I have a 7-years old HP Pavilion dv7 with the following specs:
- Intel Centrino2 (Intel(R) Core(TM)2 Duo CPU T9400 @2.53GHz)
- 8 GHz Ram
- 2 HDDs (Hitachi HTS543225L9A300 ATA Device 250 GBytes each one)
- OS: Windows 7 64bit Ultimate.
Now i've decided to buy the Samsung 850 Evo (250 GBytes) SSD in order to switch my C drive with that one and use the old HDD as a third hard disc in my optical drive's slot.
After reading many posts i realised that i have to either do a clean install of my Windows 7 or clone my C to the SSD in order to achieve the change (which i prefer to do due to the many programs i have installed).
However, things became somehow blur according to which modifications one has to do in his Bios and OS (like enabling or not ACHI, moving Paging from C - ssd now - to another Hard drive, enabling Trim, disabling or not restore points plus hybernating plus.. etc )in order to have his ssd run smoothly and thus achieving the best performance while avoiding shrinking his SSD's life and capacity.
So i am kindly aksing whether one of the experienced members of this forum could provide a step by step guide that one should follow when switching his old HDD with a new SSD
Answer
If the machine is intended for general use then my recommendation would be to swap the C: HDD for SSD, and replacing the other 250GB HDD with bigger drive. They're now so cheap it's really a no-brainer. Clone the C: drive.
Based on my own experiences - I initially had a 250GB SSD in HD bay and another 1TB HDD in optical bay adapter. It actually slowed me down, as a lot of stuff had to be installed on slow HDD. Also, experienced intermittent disconnecting of the HDD... As I wanted to be able to swap HDD for DVD to do occasional burning bay adapter wasn't screwed in place. Thus sometimes had an HDD access error. Very annoying.
I'm now on 512GB SSD (mSata) and 1TB HDD (HDD bay) and it's perfect.
Don't worry about the (by now old and proved wrong) ideas about placing Swap on another drive etc. to protect SSD - My Evo850, after a less than a year totaled 5TB of total writes (out of guaranteed 1000TB and practical for 850EVO 2000TB), with swap, hiberfil and a lot of big games on it. I would call it medium-heavy use of my SSD (games, software dev, database dev, streaming, cloud etc)...
Only thing to make sure is that TRIM is enabled. But as it's actually OS functionality, anything from and including Windows 7 will have that built-in.
Do not give in to bad advice on placing the system files not on SSD (swap, hibernation file etc.) - this will actually not use greatest SSD advantages and would defeat the whole purpose of getting it. Your system is probably SATA II, which will mean SSD will not be used to max potential. Also, you have (probably) 8GB of RAM, which is good.
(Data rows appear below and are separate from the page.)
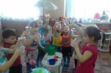 "Суның үзенчәлекләре" (гади тәҗрибәләр) 21.03.2017Бүген балалар белән гади тәҗрибәләр, уеннар аша су үзенчәлекләре турында белемнәрен тирәнәйтү өстендә эшләделәр. Яшәү чыганагы булган суга сак караш һәм балаларның күзаллауларын мөстәкыйль фикер йөртә белү сәләтләрен үстерү тәрбияләнде.
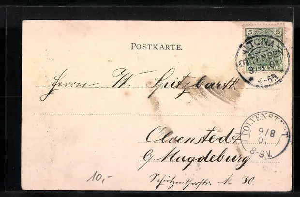 alte Ansichtskarte, gelaufen 1901, Eckknick re. unten, guter Zustand
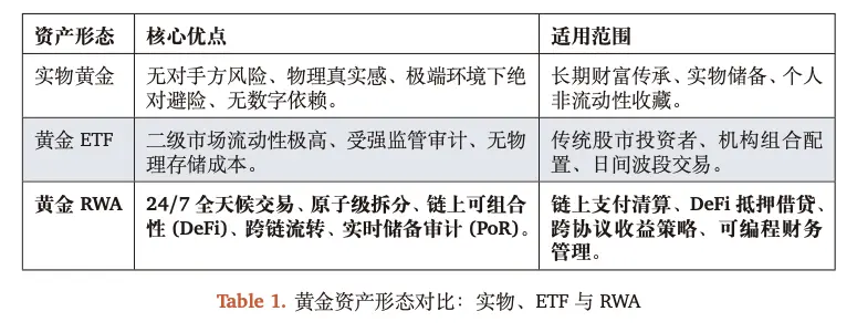 类似的,尽管黄金ETF 在传统框架下为投资黄金提供了便利,但在“链上”的背景下,其适配性与灵活性明显不足,难以满足去中心化时代对资产“高活性、可调用、可组合”的核心要求。具体来说,黄金ETF 作为连接黄金市场与金融市场的重要工具,使投资者无需实际持有实物黄金即可获取价格敞口。但其本质仍是传统金融体系内的受限产品,特别的,黄金ETF 属于证券化资产,无法实现点对点转账或实时结算,难以用于支付,更不具备嵌入链上金融协议的能力。
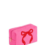 Measures L 9.5" x W 4" x H 6"Made from cotton, polyester, and faux pearls, Go big and bow home with the Mara Bow Large Zip Pouch. Wrapped in a vibrant pink woven texture and topped with a playful red polka dot bow, this pouch is a standout accessory for stashing all your must-haves. The roomy interior makes it perfect for makeup, hair essentials, or your on-the-go glam routine. Finished with a top zip closure, it’s cute, colorful, and totally functional.
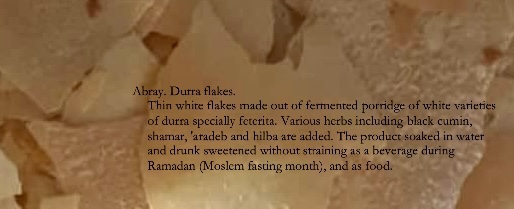 Above, flakes of hilu-murr drying in the late afternoon sun. When soaked, the flakes make a refreshing Ramadan iftar (fast-breaking) drink. It is complex and fragrant with spices such as “ginger, ghurungal, cinnamon, coriander, cumin, black cumin, black pepper, cloves, hilba, habba-han, and decoction of karkade (hibiscus)”. The sorghum and spice mixture is fermented, often with date gruel, and baked into flakes which are soaked in water for two hours, strained and sweetened before serving. (Sudanese Traditional Medicine, Ahmad Al-Safi.)
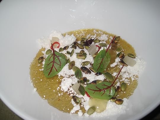 I opted for a seat at the chef's table which allowed an unobstructed view of the goings on in the kitchen. I was entertained by some wonderful plating techniques but, alas, no Ramsay-esque pyrotechnics.
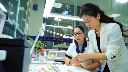 南珠饰品加工技艺凝结北部湾地域文明与匠人智慧,2024 年入选北海市非物质文化遗产名录。2002年,王丽拜师学艺,掌握南珠全流程核心工序,她认为非遗传承要适配市场,在她推动下,企业搭建培训体系平台,培育超 200 名学员,探索生产性保护路径,构建完整产业链。北海片区经理龚安翠统筹门店管理与市场运营,北海现有 11 家线下门店,2026 年五一前计划新增 2 家,大型综合门店集多种功能于一体。
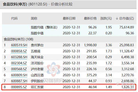 2019年,公司营业收入603亿,净利润57亿。截至2020年12月31日,公司市值高达1600亿,在食品饮料行业排名第8,妥妥的行业巨头。
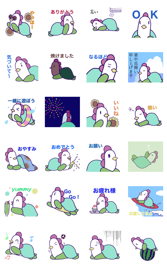| スタンプ説明 | It is a Sticker of a mysterious creature "Niwakame" in which a chicken and a turtle merge. |
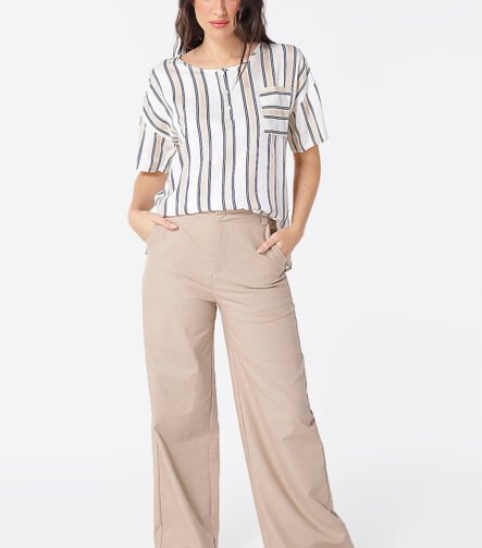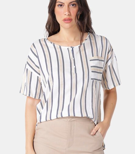 Blusa de Viscose com Mangas Listrada Bege Sob
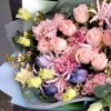 Букет из нерине, пионовидных роз Бомбастик и махровых лизиантусов в Киржаче
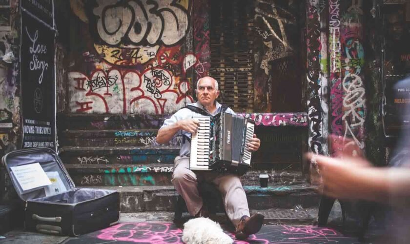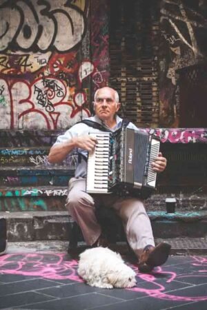 Street Music: Old Man Play Accordion In The Brooklyn, New York City

On the whole you'll see about 2-3 times better performance if you'll place swap file on the SSD (measured that with PassMark on Dell E6400 with very similar specs to your HP).
Samsung drives' performance is dependent on overprovisioning (10% is considered minimum), so if you'll leave at least that much you will always be at the peak performance. After a while I disabled RAM caching - several BSODs corrupted Windows installation. With this I traded some performance improvement for much better data integrity. Do not disable TRIM.
That's about it.
EDIT.
Replacing HDD with SSD Quick tour.
When installing SSD, the computer need to meet certain requirements for optimum performance:
AHCI must be enabled in the system. This is a bit tricky, because if we are cloning the SSD and system was set up as non-AHCI, Windows will not recognize the drive and fail to boot. But fix for that is very easy and, anyway, most computers for quite a while are set up as AHCI by default. Be sure to activate AHCI in Windows BEFORE enabling it in BIOS, else you won't be able to boot.
The partitions created on the SSD - be it either fresh install or cloning - cannot use all available space. HOWEVER, some manufacturers do that as a default, so it needs to be checked. Samsung does not overprovision drives, so it needs to be set up. So, for example, if SSD is a Samsung 850 EVO 250GB then the partition should be ~224000MB. Again, if system is cloned from same size HDD after cloning parititon(s) need to be shrunk. This, again is very easy to do in Windows 7 and later.
After booting to cloned SSD be sure to check if TRIM is enabled. Windows 7 or later have this enabled by default, but all bets are off when cloning and not doing fresh install.
Some systems will come with several possible SATA Operation (or something to that effect) options in BIOS like IDE, AHCI, ISRT, IRST, RAID etc. For most users AHCI when switching to SSD is enough. Those options give advanced functionalities not used in home or personal computer. RAID-0, which you specifically ask about is a way to speed up computer when more than one physical drive is available in the computer (and the more disks there are, the faster system will be). Speeding up is achieved by splitting the data to be written into number of parts equal to the number of disks. The OS will see all of those disks as one. The downside if this option is in case of drive failure (just one out of the number of disks) all data is lost. It is recommended to do very frequent backups. You do not need RAID 0.